If your mum sulks, who cares? Just ignore her. Put her in a time out if necessary.

Also, I would stop visits at your home if they are disrespectful to your husband. Either go to their home, or, better, meet them in a neutral location. Much easier to leave yourself than to ask someone to leave, and your husband shouldn’t have to entertain people who disrespect him in his own home. On a similar note, your husband down have to see them as often as you do; if he wants to see them once a year or not at all that’s his prerogative, and so I would name sure he knows that. They’re your parents and so your issue.

Post # 9
Member
6294 posts
Bee Keeper
  • Wedding: August 2014

tillymac :  re them not wanting to plan: well that makes it easier easier not to see them. If you offer a date that’s 3 or 4 weeks in advance (which is perfectly reasonable: I know my weekends are almost full now right up until April so I have to plan in advance),  give them a deadline to let you know by. If they haven’t let you know by that deadline, the next meeting gets pushed back to 3 or 4 weeks after your previous suggestion. And so on. The fact they won’t make plans is basically saying they a) do not respect you or your time and b) want you to know that should a better offer come up they’ll take it. In other words, it’s a huge slap in the face. Either they currently do not have plans in which case they can see you, or they do in which case they can suggest another date.

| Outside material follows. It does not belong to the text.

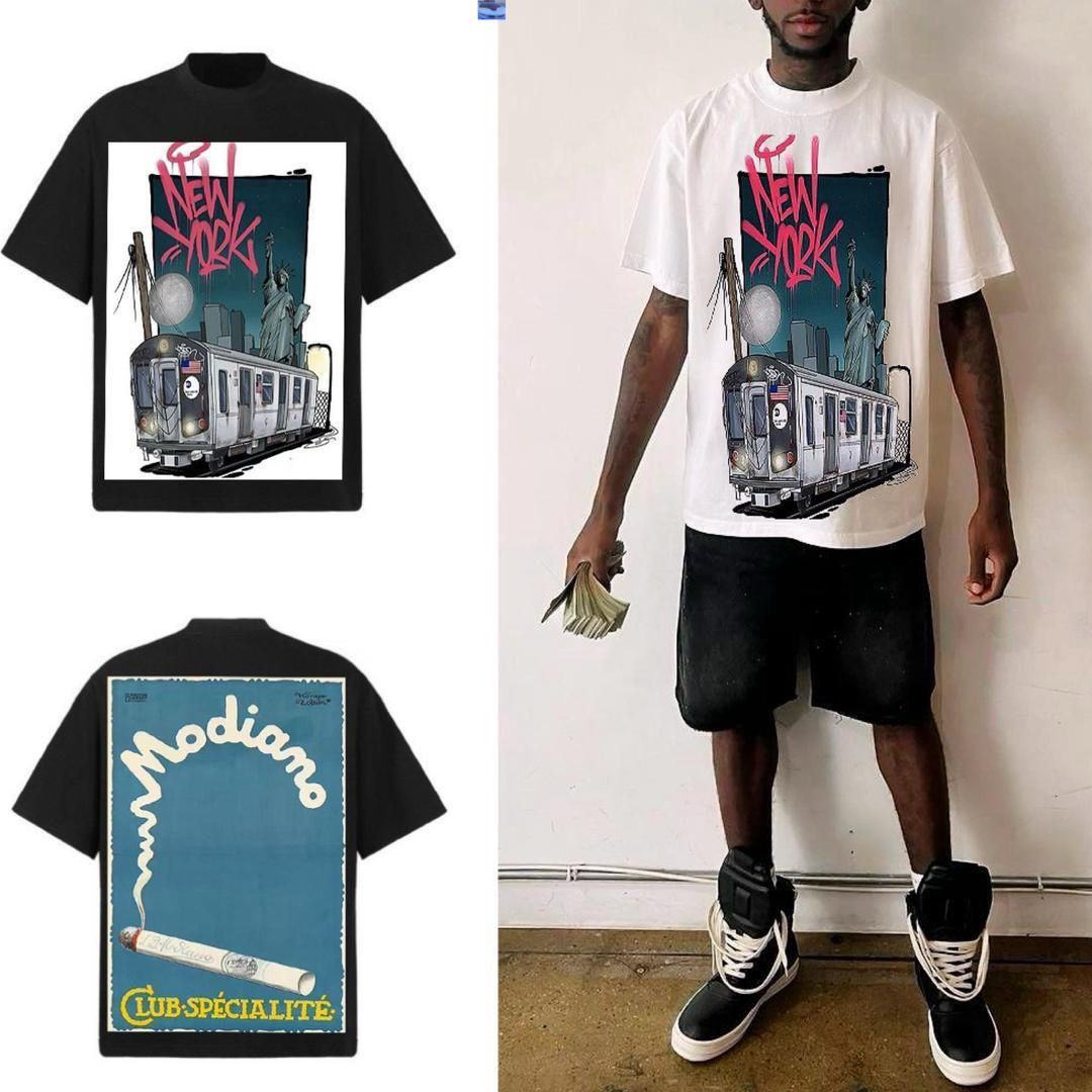Capture the heartbeat of NYC with this dual-sided graphic tee. Featuring a high-detail New York subway and Statue of Liberty front print with vibrant graffiti accents, and a vintage "Modiano Club-Spécialité" retro poster on the back, this shirt is a fusion of street culture and timeless design.

It really is that simple and their refusal to commit is basically then making sure you know your place in their list of priorities.

The last minute thing is also often a control thing.

So, just don’t play their game. They’re not sure if they can come? ‘Well we will need to know by tomorrow as then we will make other plans’. It gets to the day after tomorrow and they say they can come? ‘We said we needed to know yesterday, we’ve now made other plans. We will let you know when we’re next able.to see you’.

Post # 10
Member
393 posts
Helper bee

As if they are doing this!! I couldn’t imagine my mum moving to another city just because I’m moving, that’s scary stuff!! 

Poor you and your poor husband, I hope the “weaning off” plan works for you, if not maybe it’s time for a very open conversation and be prepared for major major arguments 

good luck bee 

Post # 12
Member
1963 posts
Buzzing bee
  • Wedding: September 2017 - Pearson Convention Centre

We live a 5 minute walk from my in laws and a 10 minute drive from my parents we see each set of parents once a month

Post # 13
Member
1715 posts
Bumble bee
  • Wedding: October 2017

Our parents are very close to us but we usually see them 1 time a month. And we’re all very close but I don’t need to see them more than that. Sometimes we will see mine 2 weeks in a row and then not again for 2 months. I love my family but I am also fiercely independent and private and need space.

Post # 14
Member
212 posts
Helper bee

I feel this. If I had to live in the same town as my Mother-In-Law I’d lose my sh*t.

I think the best thing you can do is tackle the “suprise” visit thing. That will create a lot of space.

Post # 15
Member
1739 posts
Bumble bee
  • Wedding: October 2017

tillymac :  Well – I’m no help here. My parents live 20 minutes from ys. And they have mentioned wanting us to move closer / even asked if we would want to move in (ummm, no thanks). We see each other 1x per week and those are often sleepovers. We talk every day.  Depending on how busy we are, that gets adjusted. But, they’re super understanding. They never pressure us. We visit out of our own will. Lol 

Just continue to set those boundaries. And if your parents get upset, oh well. I would also have a very stern honest conversation. It couldn’t make the situation any worse than what it already is.